Sehingga membahas tentang akhlak tentu di dalamnya mencakup tentang adab atau etika, yakni tentang kesopanan, keramahan, kehalusan budi pekerti, dan oleh karena itu adab merupakan bagian dari akhlak yang terpuji.
Akhlak Islami
Sebagaimana dalam penjelasan di atas, akhlak itu bersumber dari wahyu, dan tentu saja di dalamnya mencakup semua ajaran agama samawi.
Akan tetapi dalam kajian ini kita tidak sedang membahas terkait agama selain Islam, karena hanya Islam agama yang sah di sisi Allah Subhanhu wa Ta’ala. Sehingga tema akhlak dengan tambahan islami di atas hanya untuk mempertegas saja bahwa akhlak yang terpuji itu ya pasti islami, karena ketentuan syara’ ini telah menjelaskan mana itu akhlak yang mulia dan mana saja yang termasuk akhlak yang tercela.

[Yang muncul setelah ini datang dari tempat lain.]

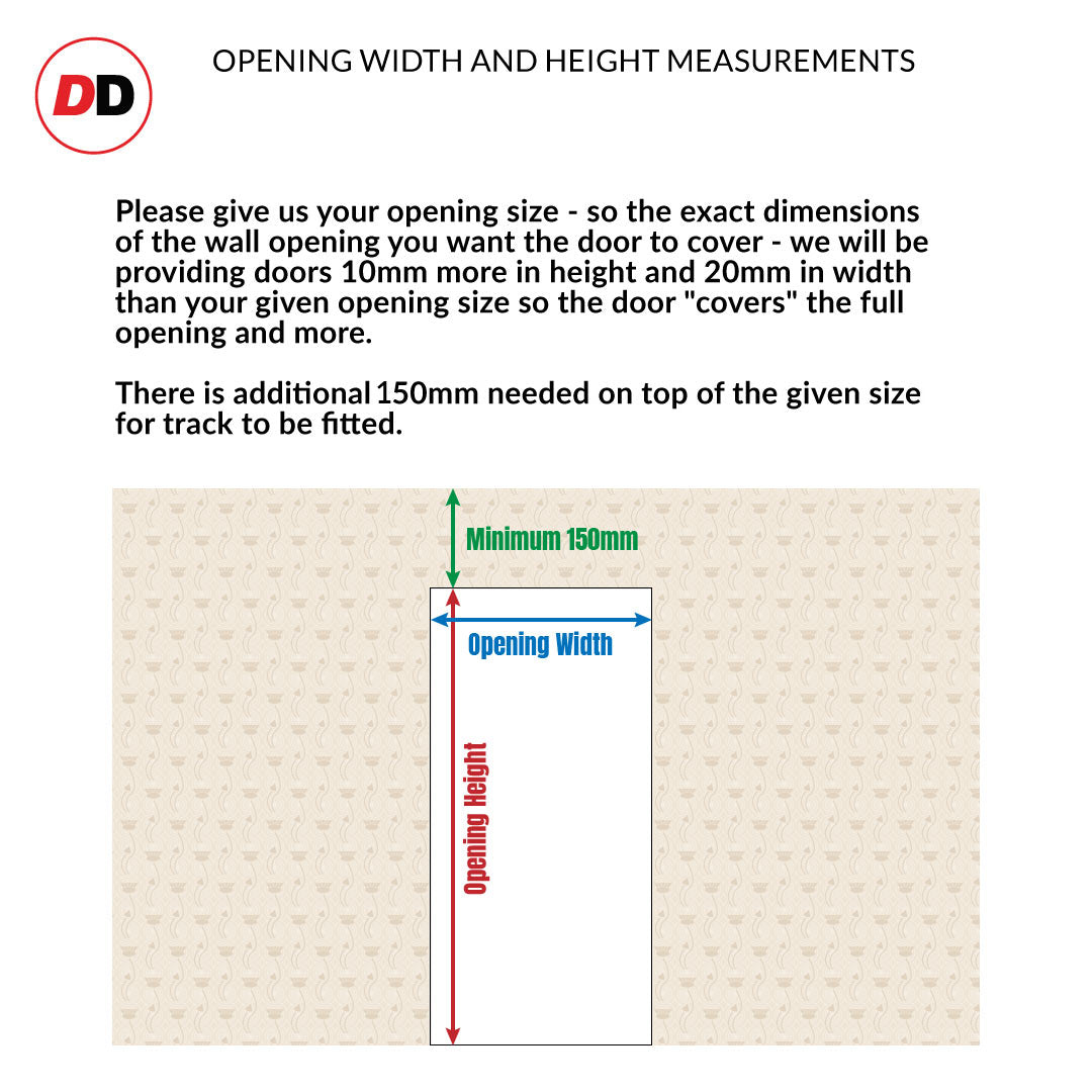 - Please give us your opening size - so the exact dimensions of the wall opening you want the door to cover - we will be providing doors 10mm more in height and 20mm in width than your given opening size so the door "covers" the full opening and more.

Sering juga dalam hal ini disebut dengan menggunakan kata adab misalnya adab makan dan minum, adab masuk dan keluar kamar kecil dan seterusnya. Karena semua kebaikan itu termasuk akhlak yang baik dengan catatan hal itu sesuai dengan ketentuan syara’, akan tetapi tidak cukup dengan itu bahwa akhlak itu berarti harus berlandaskan nilai keimanan kepada Allah Subhanahu wa Ta’ala.
Jadi akhlak itu adalah mencakup adab yang baik dan dilaksanakan karena Allah semata.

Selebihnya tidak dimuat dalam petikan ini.